Information shown
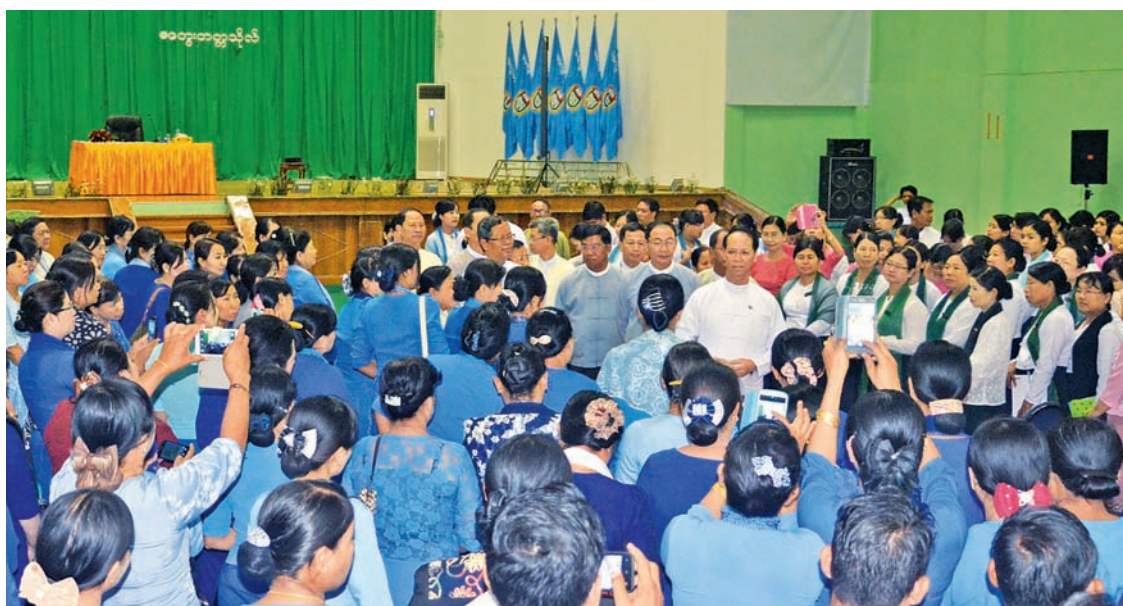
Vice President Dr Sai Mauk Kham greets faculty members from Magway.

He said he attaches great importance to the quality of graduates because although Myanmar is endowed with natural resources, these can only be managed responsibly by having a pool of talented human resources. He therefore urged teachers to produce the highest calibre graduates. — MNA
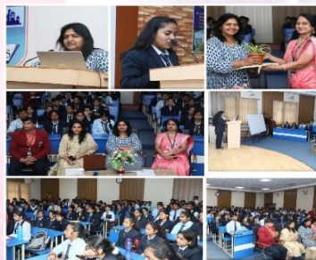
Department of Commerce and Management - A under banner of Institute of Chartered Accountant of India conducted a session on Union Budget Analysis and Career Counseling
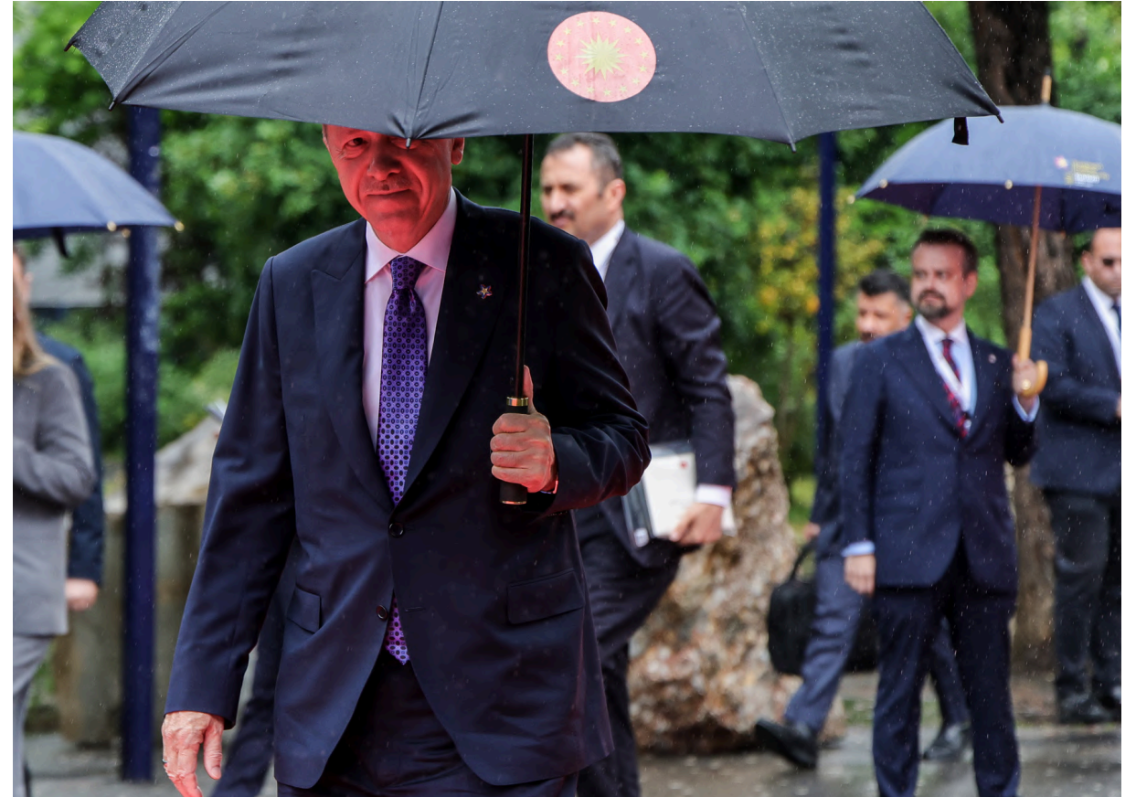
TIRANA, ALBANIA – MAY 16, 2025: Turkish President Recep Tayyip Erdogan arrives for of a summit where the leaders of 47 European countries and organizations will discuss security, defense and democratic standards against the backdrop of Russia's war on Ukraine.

Task to carry out
Copy out all the data exactly; skip the pictures.

Answer space
Vice President Dr Sai Mauk Kham greets faculty members from Magway.

He said he attaches great importance to the quality of graduates because although Myanmar is endowed with natural resources, these can only be managed responsibly by having a pool of talented human resources. He therefore urged teachers to produce the highest calibre graduates. — MNA
Department of Commerce and Management - A under banner of Institute of Chartered Accountant of India conducted a session on Union Budget Analysis and Career Counseling
TIRANA, ALBANIA – MAY 16, 2025: Turkish President Recep Tayyip Erdogan arrives for of a summit where the leaders of 47 European countries and organizations will discuss security, defense and democratic standards against the backdrop of Russia's war on Ukraine.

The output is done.